Construct the incircle of the equilateral triangle whose one side is 8cm.

Answer 1

Hint: For an equilateral triangle circumcenter, orthocenter, centroid and incentre coincide and incircle touches the sides of the triangle at the foot of medians, altitudes, angular bisectors, perpendicular bisectors of the sides.

Complete step-by-step answer:

Construction of incircle:
1.Draw the equilateral triangle ABC of side 8 cm.

2. Now plot the centre of each side (D, E and F) and construct the medians( these medians will act as altitudes, angular bisectors, perpendicular bisectors of the sides).

3. We know incentre coincides with the centroid of triangle I, and the incircle touches the triangle at the foot of medians .
4. Now draw the circle with centroid I as the center and the foot of medians the points on incircle where incircle touches the sides.

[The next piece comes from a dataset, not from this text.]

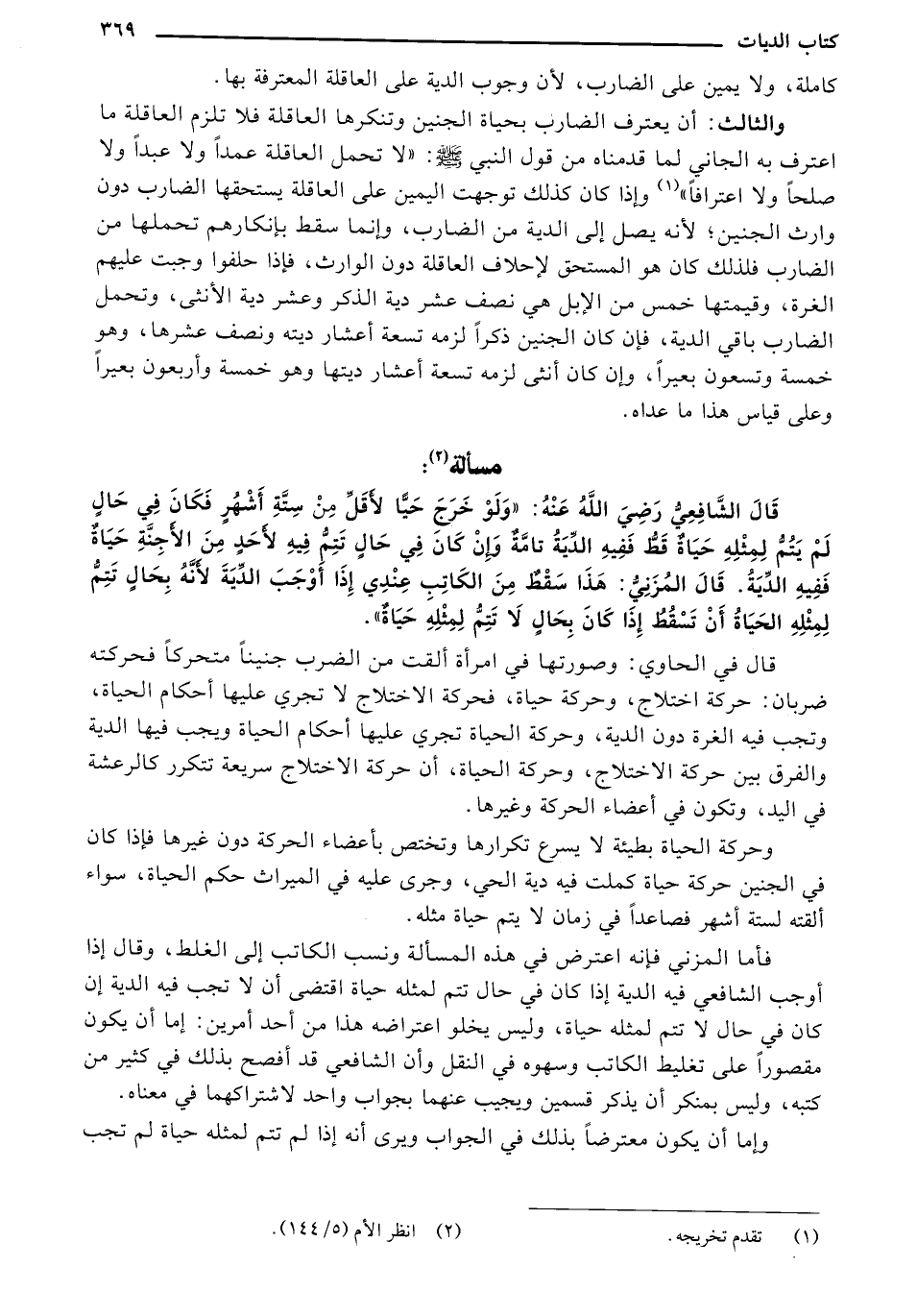 قال الشافعي رضي الله عنه: "ولو خرج حياً لأقل من ستة أشهر فكان في حال لم يتم لمثله حياة قط ففيه الدية تامة وإن كان في حال تتم فيه لأحد من الأجنة حياة ففيه الدية. قال المزني: هذا سقط من الكاتب عندي إذا أوجب الدية لأنه بحال تتم لمثله الحياة أن تسقط إذا كان بحال لا تتم لمثله حياة ".
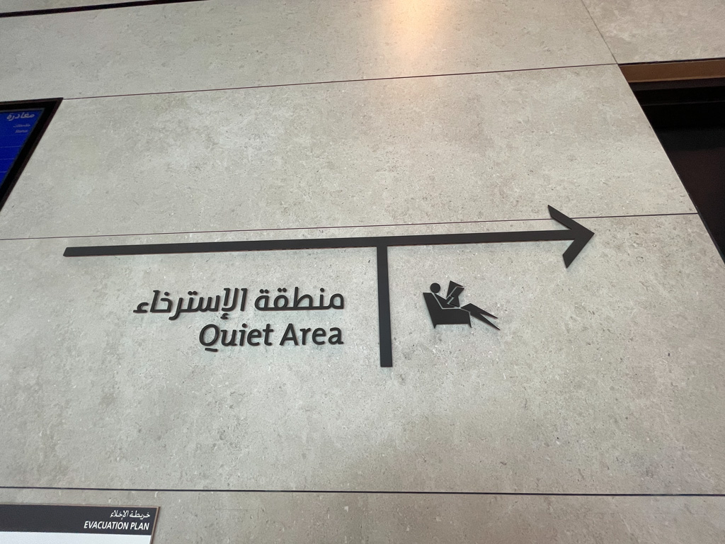 Zum Aufbau der Lounge verweise ich auf die lesenswerte Beschreibung von Sebastian. Dank seiner Beschreibung fand ich mich schnell in der Al Safwa First Class Lounge zurecht.

Hence, an incircle is constructed.

Note: We can calculate the centre using the following method.
As we know in the equilateral triangle circumcenter and the incenter coincides. So, the point of concurrency of the perpendicular bisectors gives us the circumcenter which is also the incentre in this case.
Now draw the circle with the obtained centre with the radius r.
Where r is defined as the in radius or radius of incircle. The radius of incircle is given by:
radius of incircle=$${\displaystyle \frac{abc}{4\mathrm{\Delta }}}$$
Where a, b, c are the sides of the triangle and $$\mathrm{\Delta }$$ is the area of the triangle. Here a=b=c and $$\Rightarrow r={\displaystyle \frac{2a}{\sqrt{3}}}$$
$$\Rightarrow r={\displaystyle \frac{2a}{\sqrt{3}}}$$
Therefore, the radius of the incircle is $${\displaystyle \frac{2a}{\sqrt{3}}}$$.